Cholesky QR Algorithm

Let \(X \in \mathbb{R}^{ m \times n }\) with \(m \ge n\) of full column rank. The Cholesky QR (CholQR) algorithm computes a QR factorization of \(X\) by

  • forming the Gram matrix \(A = X^{T} X\),
  • computing its Cholesky factorization \(A = R^{T} R\), and
  • finally finding the \(Q\) factor by \(Q = XR^{-1}\).

Here, the requirement of full column rank ensure the Cholesky factorization succeed. Let \(X=U\varSigma V^{T}\) be a singular value decomposition, where \(U\in\mathbb{R}^{m\times n}\), \(\varSigma\in\mathbb{R}^{n\times n}\) and \(V\in\mathbb{R}^{n\times n}\). Full column rank implies \(\sigma_{ii} > 0\), which is equivalent as \(\sigma_{i}(X^{T} X) > 0\) since \(X^{T} X = V \varSigma^{2} V^{T}\).

This algorithm is ideal in high performance computing.

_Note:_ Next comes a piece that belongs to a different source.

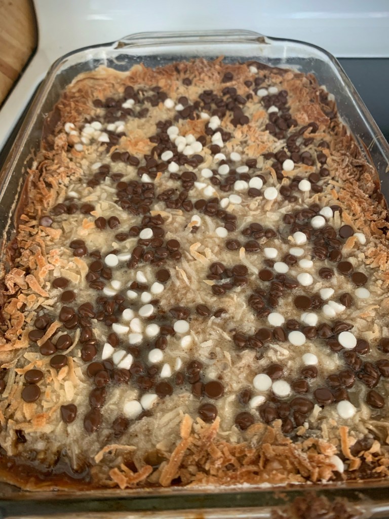 7. Sprinkle coconut flakes (if you can have coconut), white chocolate chips, and dark chocolate chips on top.

  • Its complexity is \(2mn^{2}\), which is the same as the MGS.
  • The first and third steps can be done in parallel BLAS 3 way, which makes it very efficient.
  • The second step, which can only perform sequentially, requires only \(O(n^{3})\) flops compare to \(O(mn^{2})\) flops for the other two steps.

However, CholQR is not stable. We can provide several heuristic observations. Suppose \(\kappa_{2}(X) > u^{-1/2}\), then \(\kappa_{2}(X^{T} X) > u^{-1}\) which can result in loss of positive definiteness. Even though we are lucky enough to be able to form \(R\), ill conditioned \(R\) and \(X\) can still result in a large deviation from orthogonality. Stathopoulos and Wu [SIAM J. Sci. Comput. 23, 2165–2182, 2002] proved that \(\| Q^{T} Q-I \| \le O(\kappa_{2}(A)^{2})\).

Solutions to the instability

  • Apply the CholQR twice [Electron. Trans. Numer. Anal. 44, 306–326, 2015]. The deviation reduces to \(O(mnu)\), which drops the dependence on \(\kappa_{2}(A)\).
  • Perform the first two steps at high precision \(u_{h}\), and the last step at working precision \(u\) [SIAM J. Sci. Comput. 37, C307–C330, 2015]. The deviation from orthogonality can then be written as \(O(u_{h} \kappa_{2}(A)^{2} + u \kappa_{2}(A))\), which can drop the dependency on \(\kappa_{2}(A)^{2}\) for \(u_{h}\) sufficiently small.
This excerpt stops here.